### WHAT YOU NEED TO DO
The required output is the lines below from the line containing "Young student climbing" to the line containing "Εκδότης: Οργανισμός Εκδόσεως", inclusive, retyped exactly. No other lines belong in it.

[Opening INPUT section]

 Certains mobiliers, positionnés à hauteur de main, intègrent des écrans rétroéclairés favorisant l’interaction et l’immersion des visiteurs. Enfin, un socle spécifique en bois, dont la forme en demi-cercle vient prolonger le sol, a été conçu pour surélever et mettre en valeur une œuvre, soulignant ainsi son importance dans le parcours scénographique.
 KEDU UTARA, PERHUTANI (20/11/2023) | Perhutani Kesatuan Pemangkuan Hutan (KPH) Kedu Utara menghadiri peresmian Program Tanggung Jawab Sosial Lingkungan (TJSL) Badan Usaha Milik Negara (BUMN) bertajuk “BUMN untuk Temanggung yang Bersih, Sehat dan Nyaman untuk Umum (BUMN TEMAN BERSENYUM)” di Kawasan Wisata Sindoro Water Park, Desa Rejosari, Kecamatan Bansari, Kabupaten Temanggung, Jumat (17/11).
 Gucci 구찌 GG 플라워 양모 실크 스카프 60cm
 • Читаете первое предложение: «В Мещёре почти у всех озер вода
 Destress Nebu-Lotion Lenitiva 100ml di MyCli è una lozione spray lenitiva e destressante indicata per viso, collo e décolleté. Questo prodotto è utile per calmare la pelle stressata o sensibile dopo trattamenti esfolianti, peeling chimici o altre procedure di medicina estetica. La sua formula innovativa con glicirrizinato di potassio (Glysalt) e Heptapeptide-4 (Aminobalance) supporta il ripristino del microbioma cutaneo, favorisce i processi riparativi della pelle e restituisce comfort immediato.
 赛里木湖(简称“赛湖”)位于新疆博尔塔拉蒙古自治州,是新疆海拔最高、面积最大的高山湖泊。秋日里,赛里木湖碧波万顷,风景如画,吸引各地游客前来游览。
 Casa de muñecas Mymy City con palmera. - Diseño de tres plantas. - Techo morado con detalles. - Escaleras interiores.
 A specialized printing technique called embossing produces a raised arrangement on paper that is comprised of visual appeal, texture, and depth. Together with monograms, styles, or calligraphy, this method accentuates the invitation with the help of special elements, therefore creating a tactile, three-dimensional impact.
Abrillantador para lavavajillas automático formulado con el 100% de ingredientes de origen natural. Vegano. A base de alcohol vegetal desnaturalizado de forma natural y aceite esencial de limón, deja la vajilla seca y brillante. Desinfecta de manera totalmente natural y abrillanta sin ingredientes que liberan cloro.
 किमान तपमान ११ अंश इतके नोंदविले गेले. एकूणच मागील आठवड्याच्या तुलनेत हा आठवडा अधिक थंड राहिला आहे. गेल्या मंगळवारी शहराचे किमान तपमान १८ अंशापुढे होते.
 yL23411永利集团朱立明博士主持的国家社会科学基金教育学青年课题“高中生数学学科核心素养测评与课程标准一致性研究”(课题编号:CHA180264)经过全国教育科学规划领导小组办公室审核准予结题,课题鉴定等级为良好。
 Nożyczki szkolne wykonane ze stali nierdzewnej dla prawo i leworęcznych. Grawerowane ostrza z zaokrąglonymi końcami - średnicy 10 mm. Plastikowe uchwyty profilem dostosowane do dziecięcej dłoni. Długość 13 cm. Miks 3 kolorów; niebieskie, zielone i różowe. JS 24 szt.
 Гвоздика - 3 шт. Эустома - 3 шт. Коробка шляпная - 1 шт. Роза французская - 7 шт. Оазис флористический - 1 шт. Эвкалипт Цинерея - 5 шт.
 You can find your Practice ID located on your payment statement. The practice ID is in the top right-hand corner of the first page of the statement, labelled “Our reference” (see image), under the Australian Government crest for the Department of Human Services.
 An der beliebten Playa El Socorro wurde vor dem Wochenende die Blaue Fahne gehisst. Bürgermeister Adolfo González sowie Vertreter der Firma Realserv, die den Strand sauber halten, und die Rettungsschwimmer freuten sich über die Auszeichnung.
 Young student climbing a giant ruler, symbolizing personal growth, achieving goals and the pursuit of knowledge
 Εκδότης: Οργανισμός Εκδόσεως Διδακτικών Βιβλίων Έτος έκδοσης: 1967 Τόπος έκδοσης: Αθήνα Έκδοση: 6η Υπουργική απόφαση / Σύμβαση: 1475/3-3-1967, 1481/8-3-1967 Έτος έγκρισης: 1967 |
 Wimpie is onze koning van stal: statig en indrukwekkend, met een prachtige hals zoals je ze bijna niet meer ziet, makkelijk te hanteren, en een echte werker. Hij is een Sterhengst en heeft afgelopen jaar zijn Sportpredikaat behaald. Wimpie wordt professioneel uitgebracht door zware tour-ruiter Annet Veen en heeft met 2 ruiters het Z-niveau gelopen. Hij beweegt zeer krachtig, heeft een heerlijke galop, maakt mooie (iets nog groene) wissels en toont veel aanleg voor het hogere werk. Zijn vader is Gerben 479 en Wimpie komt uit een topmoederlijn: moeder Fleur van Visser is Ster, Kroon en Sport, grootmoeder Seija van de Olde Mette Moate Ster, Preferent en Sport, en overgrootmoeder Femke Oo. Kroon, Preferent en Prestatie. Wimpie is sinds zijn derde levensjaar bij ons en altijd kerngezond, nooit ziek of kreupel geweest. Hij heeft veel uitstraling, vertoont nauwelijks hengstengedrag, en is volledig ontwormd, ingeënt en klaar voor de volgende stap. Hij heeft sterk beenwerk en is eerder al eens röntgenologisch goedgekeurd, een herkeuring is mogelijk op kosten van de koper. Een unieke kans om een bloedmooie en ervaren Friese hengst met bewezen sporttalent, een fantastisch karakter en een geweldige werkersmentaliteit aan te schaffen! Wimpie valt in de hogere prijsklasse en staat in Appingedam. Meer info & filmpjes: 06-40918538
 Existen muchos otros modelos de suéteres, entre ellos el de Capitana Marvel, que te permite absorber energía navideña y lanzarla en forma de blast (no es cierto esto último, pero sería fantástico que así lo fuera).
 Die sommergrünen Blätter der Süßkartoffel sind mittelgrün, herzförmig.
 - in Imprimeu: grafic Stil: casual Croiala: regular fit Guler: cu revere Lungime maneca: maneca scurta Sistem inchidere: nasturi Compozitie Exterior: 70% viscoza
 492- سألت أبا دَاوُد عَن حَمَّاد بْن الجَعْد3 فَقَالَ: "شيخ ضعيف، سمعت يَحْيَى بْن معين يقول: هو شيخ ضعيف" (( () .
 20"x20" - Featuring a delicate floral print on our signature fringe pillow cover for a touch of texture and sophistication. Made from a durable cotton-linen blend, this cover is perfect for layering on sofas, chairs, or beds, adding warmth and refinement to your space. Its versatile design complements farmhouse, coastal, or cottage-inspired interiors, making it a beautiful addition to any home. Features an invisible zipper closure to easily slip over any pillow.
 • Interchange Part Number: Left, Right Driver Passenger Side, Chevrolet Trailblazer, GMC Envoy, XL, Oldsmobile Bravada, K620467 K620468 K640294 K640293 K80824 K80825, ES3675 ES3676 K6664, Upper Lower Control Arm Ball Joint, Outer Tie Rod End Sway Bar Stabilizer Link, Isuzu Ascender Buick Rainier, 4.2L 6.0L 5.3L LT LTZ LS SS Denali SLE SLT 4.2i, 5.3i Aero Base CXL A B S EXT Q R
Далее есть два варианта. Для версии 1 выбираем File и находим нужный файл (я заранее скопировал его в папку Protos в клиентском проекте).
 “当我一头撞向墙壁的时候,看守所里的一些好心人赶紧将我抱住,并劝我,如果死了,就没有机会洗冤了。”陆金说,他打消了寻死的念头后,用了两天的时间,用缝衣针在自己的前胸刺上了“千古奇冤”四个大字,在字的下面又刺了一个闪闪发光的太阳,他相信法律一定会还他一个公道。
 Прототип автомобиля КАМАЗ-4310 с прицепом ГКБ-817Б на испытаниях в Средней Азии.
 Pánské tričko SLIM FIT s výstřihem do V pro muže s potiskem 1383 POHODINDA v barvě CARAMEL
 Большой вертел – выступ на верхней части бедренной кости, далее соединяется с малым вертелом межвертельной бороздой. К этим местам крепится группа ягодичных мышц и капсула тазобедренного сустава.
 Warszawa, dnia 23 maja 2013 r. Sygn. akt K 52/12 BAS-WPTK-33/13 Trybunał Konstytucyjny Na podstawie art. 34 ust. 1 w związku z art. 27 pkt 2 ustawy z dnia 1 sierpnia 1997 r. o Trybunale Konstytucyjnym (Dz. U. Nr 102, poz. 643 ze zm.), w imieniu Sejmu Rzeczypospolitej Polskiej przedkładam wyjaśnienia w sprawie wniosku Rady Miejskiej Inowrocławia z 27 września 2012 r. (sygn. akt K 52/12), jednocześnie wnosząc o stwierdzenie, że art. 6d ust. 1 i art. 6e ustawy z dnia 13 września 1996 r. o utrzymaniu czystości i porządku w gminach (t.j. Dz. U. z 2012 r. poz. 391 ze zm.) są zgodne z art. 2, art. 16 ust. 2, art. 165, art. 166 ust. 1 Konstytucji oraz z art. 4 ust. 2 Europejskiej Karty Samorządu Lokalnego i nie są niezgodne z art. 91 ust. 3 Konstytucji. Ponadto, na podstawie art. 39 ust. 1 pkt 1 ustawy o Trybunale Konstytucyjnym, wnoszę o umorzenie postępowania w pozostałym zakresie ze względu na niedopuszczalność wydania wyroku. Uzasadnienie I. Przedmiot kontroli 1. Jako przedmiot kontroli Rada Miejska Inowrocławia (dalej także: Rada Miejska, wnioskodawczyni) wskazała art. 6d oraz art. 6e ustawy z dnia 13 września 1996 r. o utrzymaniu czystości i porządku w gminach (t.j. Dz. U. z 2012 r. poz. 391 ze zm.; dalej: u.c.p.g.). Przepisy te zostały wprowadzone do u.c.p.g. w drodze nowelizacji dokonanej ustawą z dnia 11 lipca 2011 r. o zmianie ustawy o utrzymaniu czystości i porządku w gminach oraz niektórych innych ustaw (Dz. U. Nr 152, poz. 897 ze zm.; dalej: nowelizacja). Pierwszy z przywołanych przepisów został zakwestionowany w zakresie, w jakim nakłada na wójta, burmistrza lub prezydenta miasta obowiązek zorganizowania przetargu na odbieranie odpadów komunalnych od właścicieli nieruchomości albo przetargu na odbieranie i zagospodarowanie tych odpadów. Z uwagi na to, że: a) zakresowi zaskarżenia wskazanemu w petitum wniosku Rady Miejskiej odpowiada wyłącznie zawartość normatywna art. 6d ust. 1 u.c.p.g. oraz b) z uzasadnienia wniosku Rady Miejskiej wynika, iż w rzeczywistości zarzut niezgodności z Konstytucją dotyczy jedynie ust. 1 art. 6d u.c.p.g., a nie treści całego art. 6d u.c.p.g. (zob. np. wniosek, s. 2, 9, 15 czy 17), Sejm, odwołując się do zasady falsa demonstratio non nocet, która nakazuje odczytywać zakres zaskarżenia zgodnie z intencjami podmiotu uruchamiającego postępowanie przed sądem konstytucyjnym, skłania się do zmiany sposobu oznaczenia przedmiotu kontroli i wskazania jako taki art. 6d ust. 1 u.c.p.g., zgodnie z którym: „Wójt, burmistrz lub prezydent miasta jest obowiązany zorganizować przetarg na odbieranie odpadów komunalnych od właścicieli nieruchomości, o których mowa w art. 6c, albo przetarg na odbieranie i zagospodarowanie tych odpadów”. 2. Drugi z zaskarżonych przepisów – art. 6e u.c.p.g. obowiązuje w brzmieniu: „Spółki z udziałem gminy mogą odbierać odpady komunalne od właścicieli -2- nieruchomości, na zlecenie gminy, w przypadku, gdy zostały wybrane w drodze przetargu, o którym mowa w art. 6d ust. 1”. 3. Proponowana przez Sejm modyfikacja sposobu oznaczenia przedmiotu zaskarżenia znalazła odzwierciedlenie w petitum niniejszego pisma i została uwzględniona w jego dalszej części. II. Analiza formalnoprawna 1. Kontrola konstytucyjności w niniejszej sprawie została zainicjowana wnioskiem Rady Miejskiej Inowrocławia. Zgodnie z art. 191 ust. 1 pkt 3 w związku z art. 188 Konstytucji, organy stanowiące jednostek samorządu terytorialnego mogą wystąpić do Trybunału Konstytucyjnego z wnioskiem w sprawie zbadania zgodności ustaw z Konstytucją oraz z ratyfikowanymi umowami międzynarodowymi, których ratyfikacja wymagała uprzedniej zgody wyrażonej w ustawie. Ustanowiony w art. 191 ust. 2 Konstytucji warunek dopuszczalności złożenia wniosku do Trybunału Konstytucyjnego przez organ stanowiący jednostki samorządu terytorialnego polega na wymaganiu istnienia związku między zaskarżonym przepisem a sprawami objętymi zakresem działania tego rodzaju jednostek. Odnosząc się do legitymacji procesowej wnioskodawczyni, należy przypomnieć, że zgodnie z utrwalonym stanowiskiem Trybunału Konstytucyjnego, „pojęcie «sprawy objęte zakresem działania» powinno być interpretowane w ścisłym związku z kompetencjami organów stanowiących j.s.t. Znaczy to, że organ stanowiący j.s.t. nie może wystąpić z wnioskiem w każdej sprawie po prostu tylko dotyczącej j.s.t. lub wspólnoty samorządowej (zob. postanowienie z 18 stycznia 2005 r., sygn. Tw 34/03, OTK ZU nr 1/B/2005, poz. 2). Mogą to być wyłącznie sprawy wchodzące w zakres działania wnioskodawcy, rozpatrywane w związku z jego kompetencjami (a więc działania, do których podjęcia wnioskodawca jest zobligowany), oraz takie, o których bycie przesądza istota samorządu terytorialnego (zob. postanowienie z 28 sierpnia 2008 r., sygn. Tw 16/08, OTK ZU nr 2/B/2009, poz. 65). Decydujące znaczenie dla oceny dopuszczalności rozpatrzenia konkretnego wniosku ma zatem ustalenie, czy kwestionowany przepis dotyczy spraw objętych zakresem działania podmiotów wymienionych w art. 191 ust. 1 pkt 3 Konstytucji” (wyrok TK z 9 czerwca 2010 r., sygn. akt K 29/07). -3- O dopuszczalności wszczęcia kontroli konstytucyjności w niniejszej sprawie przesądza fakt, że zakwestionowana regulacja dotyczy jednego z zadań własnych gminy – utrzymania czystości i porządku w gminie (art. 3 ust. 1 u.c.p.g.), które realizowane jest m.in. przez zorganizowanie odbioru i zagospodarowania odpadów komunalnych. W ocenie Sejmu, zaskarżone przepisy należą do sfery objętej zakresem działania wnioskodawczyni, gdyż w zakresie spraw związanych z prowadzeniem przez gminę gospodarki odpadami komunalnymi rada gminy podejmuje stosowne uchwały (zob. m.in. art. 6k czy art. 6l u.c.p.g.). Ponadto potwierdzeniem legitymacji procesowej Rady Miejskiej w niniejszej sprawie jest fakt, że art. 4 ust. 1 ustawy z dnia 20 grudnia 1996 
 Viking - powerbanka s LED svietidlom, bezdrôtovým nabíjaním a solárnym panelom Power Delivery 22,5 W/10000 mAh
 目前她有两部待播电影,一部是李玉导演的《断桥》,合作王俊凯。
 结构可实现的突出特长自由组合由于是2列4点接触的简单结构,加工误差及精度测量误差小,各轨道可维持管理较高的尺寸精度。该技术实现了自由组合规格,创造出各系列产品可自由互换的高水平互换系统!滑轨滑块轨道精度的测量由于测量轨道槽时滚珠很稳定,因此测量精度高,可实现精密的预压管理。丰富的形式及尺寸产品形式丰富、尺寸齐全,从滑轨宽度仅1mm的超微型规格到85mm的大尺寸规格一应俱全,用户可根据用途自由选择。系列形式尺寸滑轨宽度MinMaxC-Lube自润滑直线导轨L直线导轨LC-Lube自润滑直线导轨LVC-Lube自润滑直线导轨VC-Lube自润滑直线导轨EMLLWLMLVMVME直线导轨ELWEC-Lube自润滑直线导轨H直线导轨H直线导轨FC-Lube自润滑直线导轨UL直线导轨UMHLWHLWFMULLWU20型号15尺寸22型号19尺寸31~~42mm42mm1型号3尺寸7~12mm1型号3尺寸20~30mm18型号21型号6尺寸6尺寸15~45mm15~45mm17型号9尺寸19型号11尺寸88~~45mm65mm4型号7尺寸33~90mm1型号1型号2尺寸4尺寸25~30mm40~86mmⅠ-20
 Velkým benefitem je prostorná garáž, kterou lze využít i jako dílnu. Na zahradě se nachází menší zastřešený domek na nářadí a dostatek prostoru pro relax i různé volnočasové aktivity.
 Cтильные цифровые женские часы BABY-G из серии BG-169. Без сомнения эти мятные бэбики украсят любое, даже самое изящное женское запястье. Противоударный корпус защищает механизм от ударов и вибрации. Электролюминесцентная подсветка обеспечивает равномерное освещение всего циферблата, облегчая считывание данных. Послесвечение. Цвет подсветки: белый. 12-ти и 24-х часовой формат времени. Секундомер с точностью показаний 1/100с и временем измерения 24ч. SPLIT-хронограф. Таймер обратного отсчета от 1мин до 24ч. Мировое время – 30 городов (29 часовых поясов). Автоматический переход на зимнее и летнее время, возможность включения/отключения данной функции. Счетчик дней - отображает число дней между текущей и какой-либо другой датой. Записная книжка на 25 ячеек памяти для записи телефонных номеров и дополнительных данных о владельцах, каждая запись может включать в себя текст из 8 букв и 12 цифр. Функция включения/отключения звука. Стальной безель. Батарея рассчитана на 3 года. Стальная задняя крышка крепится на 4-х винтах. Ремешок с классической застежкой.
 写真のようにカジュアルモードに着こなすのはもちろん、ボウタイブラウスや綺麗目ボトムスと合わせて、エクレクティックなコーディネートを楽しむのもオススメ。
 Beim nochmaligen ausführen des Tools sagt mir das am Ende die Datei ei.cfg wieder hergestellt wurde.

[Closing INPUT section]

### ANSWER FOR THIS EXERCISE
 Young student climbing a giant ruler, symbolizing personal growth, achieving goals and the pursuit of knowledge
 Εκδότης: Οργανισμός Εκδόσεως Διδακτικών Βιβλίων Έτος έκδοσης: 1967 Τόπος έκδοσης: Αθήνα Έκδοση: 6η Υπουργική απόφαση / Σύμβαση: 1475/3-3-1967, 1481/8-3-1967 Έτος έγκρισης: 1967 |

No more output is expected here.